Material for this task —
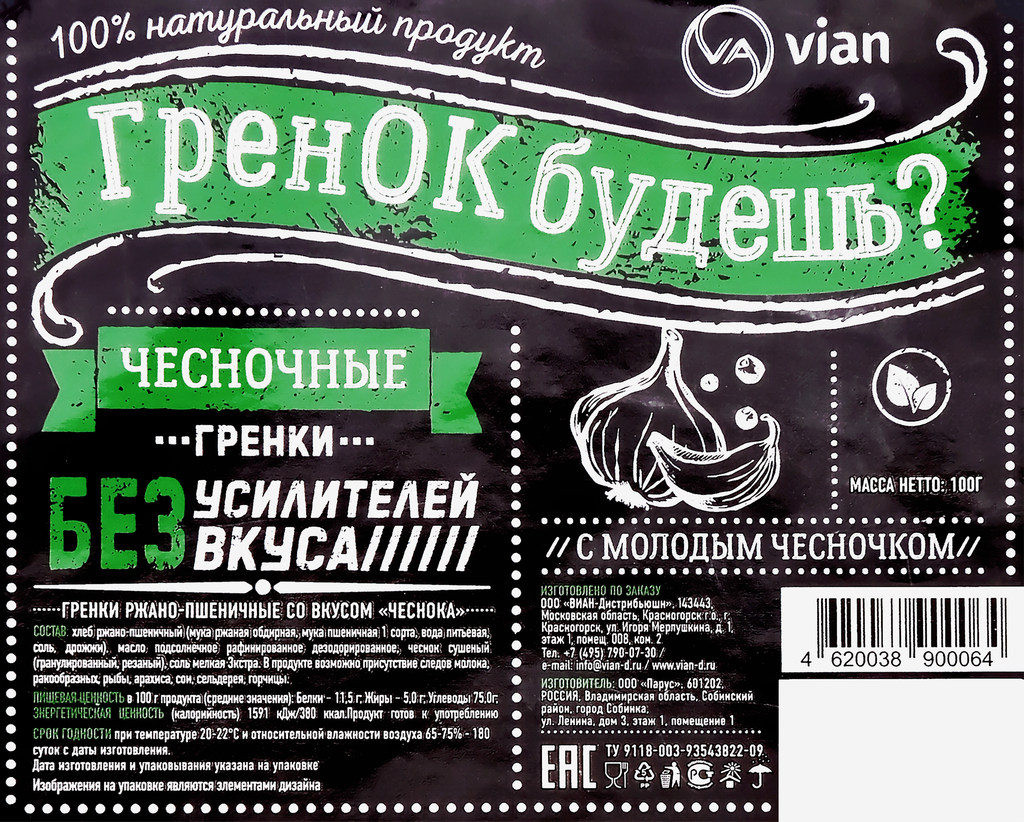 | Состав | Хлеб ржано-пшеничный с солодом, масло подсолнечное рафинированное дезодорированное, чеснок натуральный сушеный (гранулированный, резаный), соль мелкая Экстра |
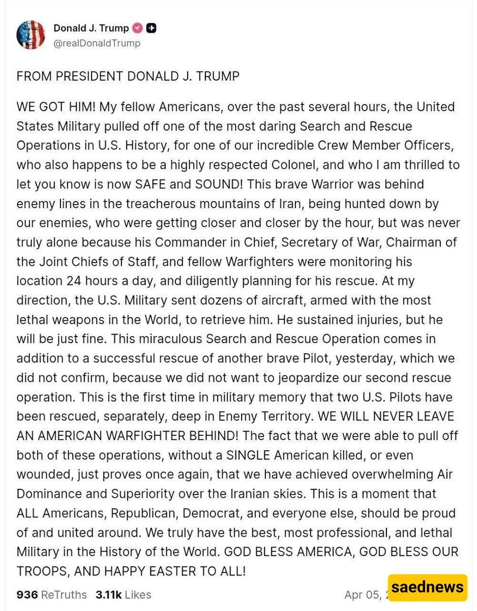 بتوجیهی، نشرت القوات الأمریکیه عشرات الطائرات المسلحه بأخطر الأسلحه فی العالم لاستعادته. وقد أصیب بجروح، لکنه سیتعافى. تأتی هذه العملیه المعجزه بعد نجاح عملیه إنقاذ طیار شجاع آخر أمس فقط—وهی مهمه لم نعلن عنها فی حینه لضمان سریه إنقاذنا الثانی.
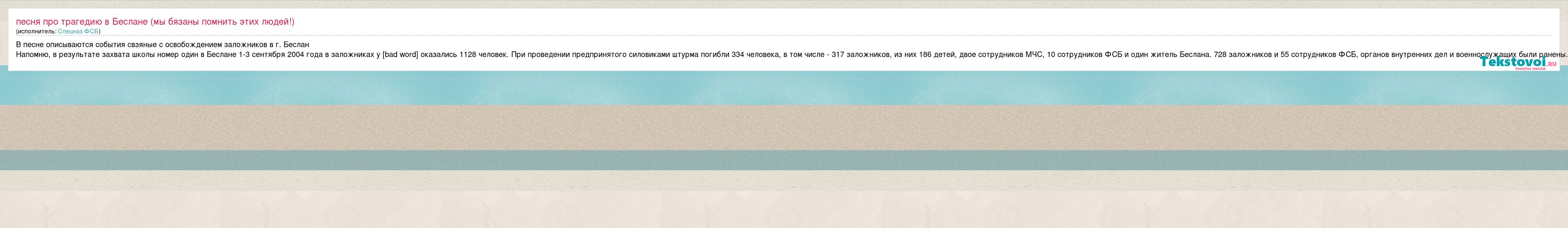 А как ты думаешь, о чем песня "Песня про трагедию в Беслане (мы бязаны помнить этих людей!)" ?
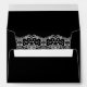 Elegant envelope featuring a beautiful white scalloped lace design on a black background.
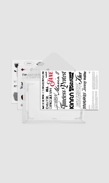 A collection of every typography Prev has used so far. And on the back, a little space waiting for your own, just in case you want to add your font to the archive.
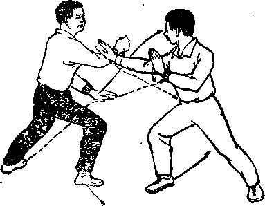 (1)乙右腿前落成左弓步右爪变拳冲击甲面部。甲右拳变掌直臂前伸,随之体伸直前扑地左掌撑地。(图-3)

Your objective — Print the lines from the one that contains "Elegant envelope featuring" through the last line of the data, exactly and in full, and no other lines. Pictures are not part of the copy.

Solved problem —
 Elegant envelope featuring a beautiful white scalloped lace design on a black background.
 A collection of every typography Prev has used so far. And on the back, a little space waiting for your own, just in case you want to add your font to the archive.
 (1)乙右腿前落成左弓步右爪变拳冲击甲面部。甲右拳变掌直臂前伸,随之体伸直前扑地左掌撑地。(图-3)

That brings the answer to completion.